- What to do: Omit the pictures and return exactly the stretch of the material below from the line with "70多岁的张大爷是第一个前来" through the line with "от 14 до 20".

START Source data

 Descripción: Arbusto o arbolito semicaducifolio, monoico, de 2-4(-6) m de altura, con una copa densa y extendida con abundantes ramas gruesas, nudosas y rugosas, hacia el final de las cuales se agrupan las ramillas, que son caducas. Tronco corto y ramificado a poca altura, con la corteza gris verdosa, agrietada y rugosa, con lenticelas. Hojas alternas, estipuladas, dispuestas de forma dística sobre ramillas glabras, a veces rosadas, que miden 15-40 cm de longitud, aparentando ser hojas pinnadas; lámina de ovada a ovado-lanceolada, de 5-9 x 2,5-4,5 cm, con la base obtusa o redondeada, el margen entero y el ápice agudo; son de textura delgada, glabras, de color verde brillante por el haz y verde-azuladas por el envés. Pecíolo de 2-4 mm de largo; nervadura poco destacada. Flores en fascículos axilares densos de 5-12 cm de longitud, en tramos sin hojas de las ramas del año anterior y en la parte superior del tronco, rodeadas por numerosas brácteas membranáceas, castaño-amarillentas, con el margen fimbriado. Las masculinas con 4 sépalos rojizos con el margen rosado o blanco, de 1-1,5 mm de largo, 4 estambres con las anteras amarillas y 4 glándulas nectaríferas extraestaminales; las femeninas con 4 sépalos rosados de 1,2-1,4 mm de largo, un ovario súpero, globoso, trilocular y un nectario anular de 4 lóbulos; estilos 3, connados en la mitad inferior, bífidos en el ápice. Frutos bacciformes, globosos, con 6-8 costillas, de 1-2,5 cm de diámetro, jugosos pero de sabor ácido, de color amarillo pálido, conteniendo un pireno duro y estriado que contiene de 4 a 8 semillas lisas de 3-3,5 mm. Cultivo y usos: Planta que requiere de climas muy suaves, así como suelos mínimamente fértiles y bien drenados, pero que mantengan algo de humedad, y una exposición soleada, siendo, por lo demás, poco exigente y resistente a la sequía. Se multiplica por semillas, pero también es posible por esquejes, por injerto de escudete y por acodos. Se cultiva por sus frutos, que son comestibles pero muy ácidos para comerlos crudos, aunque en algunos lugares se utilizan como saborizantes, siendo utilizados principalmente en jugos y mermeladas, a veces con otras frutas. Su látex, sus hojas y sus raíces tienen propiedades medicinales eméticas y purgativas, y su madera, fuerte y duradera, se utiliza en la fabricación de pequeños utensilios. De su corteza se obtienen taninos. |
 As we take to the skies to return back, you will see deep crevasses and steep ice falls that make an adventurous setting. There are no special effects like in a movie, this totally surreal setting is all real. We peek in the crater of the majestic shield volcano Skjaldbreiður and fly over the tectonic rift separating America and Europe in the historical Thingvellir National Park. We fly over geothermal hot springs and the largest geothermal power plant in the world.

END Source data
START Source data

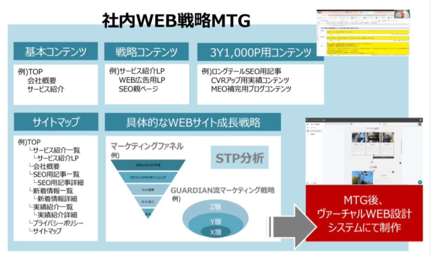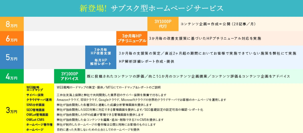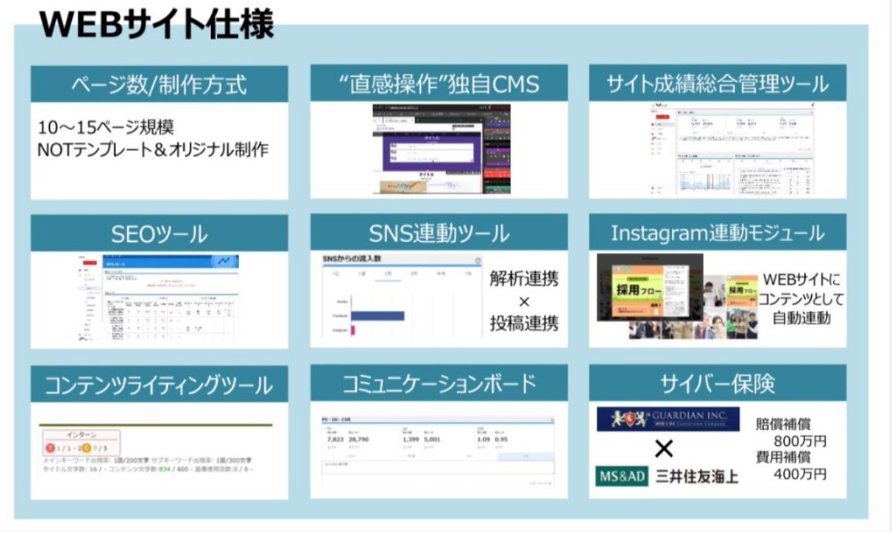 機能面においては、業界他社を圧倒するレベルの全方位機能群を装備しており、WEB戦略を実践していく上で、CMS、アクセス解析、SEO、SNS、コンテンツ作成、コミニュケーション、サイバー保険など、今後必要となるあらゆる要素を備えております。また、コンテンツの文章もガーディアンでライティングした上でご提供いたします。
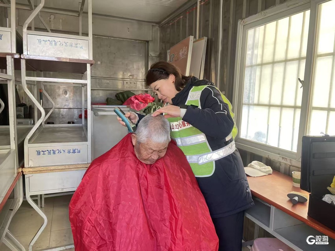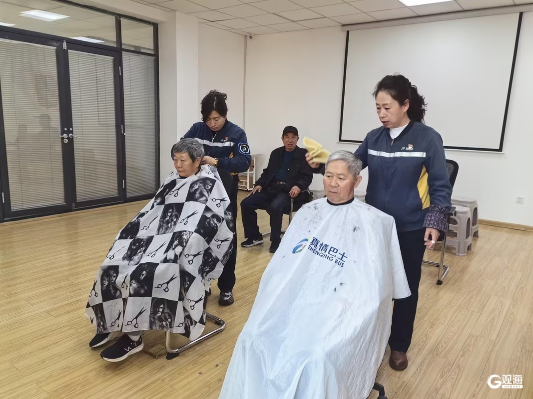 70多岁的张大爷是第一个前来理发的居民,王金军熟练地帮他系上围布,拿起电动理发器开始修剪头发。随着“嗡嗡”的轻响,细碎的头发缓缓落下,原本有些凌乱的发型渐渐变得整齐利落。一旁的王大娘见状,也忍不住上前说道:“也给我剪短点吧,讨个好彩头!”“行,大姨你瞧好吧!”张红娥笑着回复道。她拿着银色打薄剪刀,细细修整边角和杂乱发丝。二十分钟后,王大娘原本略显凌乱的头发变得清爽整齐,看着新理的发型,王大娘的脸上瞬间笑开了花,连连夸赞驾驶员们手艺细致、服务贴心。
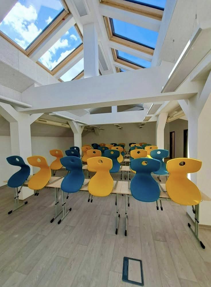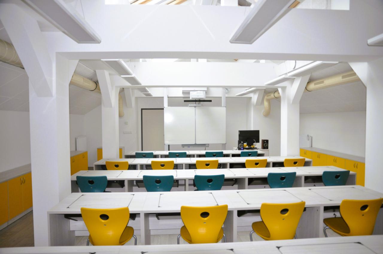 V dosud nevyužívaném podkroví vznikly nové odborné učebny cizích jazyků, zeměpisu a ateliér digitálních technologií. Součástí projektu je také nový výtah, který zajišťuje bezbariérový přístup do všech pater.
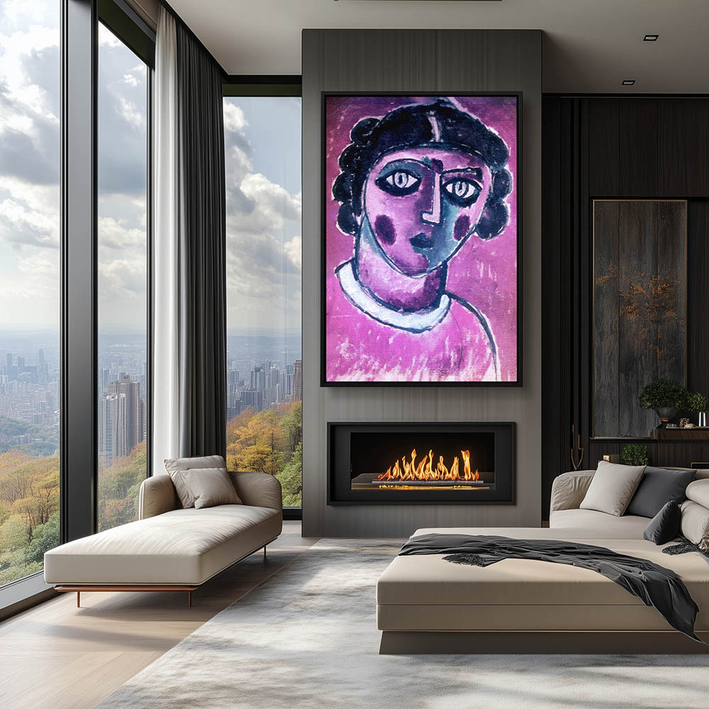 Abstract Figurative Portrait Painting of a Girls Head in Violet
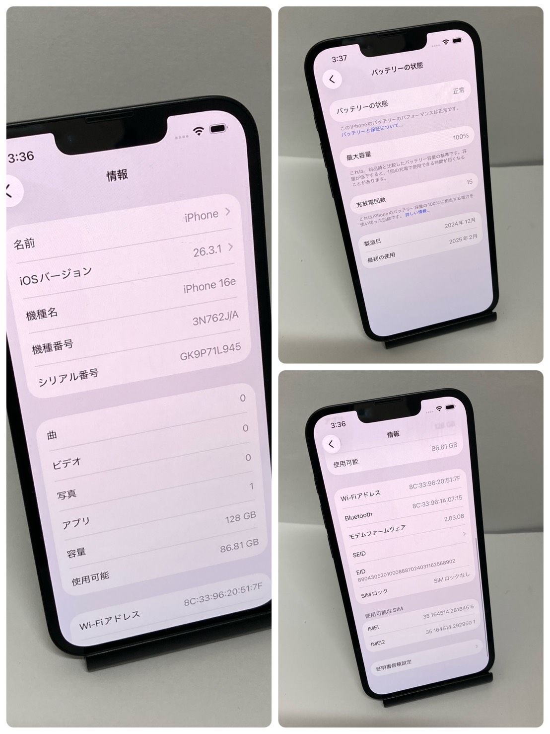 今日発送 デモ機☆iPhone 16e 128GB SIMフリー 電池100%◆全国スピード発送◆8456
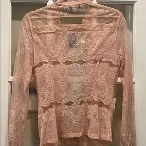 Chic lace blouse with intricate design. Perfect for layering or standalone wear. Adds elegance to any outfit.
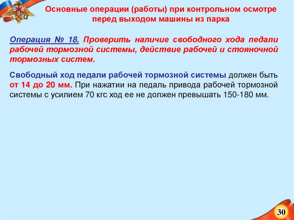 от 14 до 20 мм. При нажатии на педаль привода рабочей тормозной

END Source data

- Solved problem:
 70多岁的张大爷是第一个前来理发的居民,王金军熟练地帮他系上围布,拿起电动理发器开始修剪头发。随着“嗡嗡”的轻响,细碎的头发缓缓落下,原本有些凌乱的发型渐渐变得整齐利落。一旁的王大娘见状,也忍不住上前说道:“也给我剪短点吧,讨个好彩头!”“行,大姨你瞧好吧!”张红娥笑着回复道。她拿着银色打薄剪刀,细细修整边角和杂乱发丝。二十分钟后,王大娘原本略显凌乱的头发变得清爽整齐,看着新理的发型,王大娘的脸上瞬间笑开了花,连连夸赞驾驶员们手艺细致、服务贴心。
 V dosud nevyužívaném podkroví vznikly nové odborné učebny cizích jazyků, zeměpisu a ateliér digitálních technologií. Součástí projektu je také nový výtah, který zajišťuje bezbariérový přístup do všech pater.
 Abstract Figurative Portrait Painting of a Girls Head in Violet
 今日発送 デモ機☆iPhone 16e 128GB SIMフリー 電池100%◆全国スピード発送◆8456
 Chic lace blouse with intricate design. Perfect for layering or standalone wear. Adds elegance to any outfit.
 от 14 до 20 мм. При нажатии на педаль привода рабочей тормозной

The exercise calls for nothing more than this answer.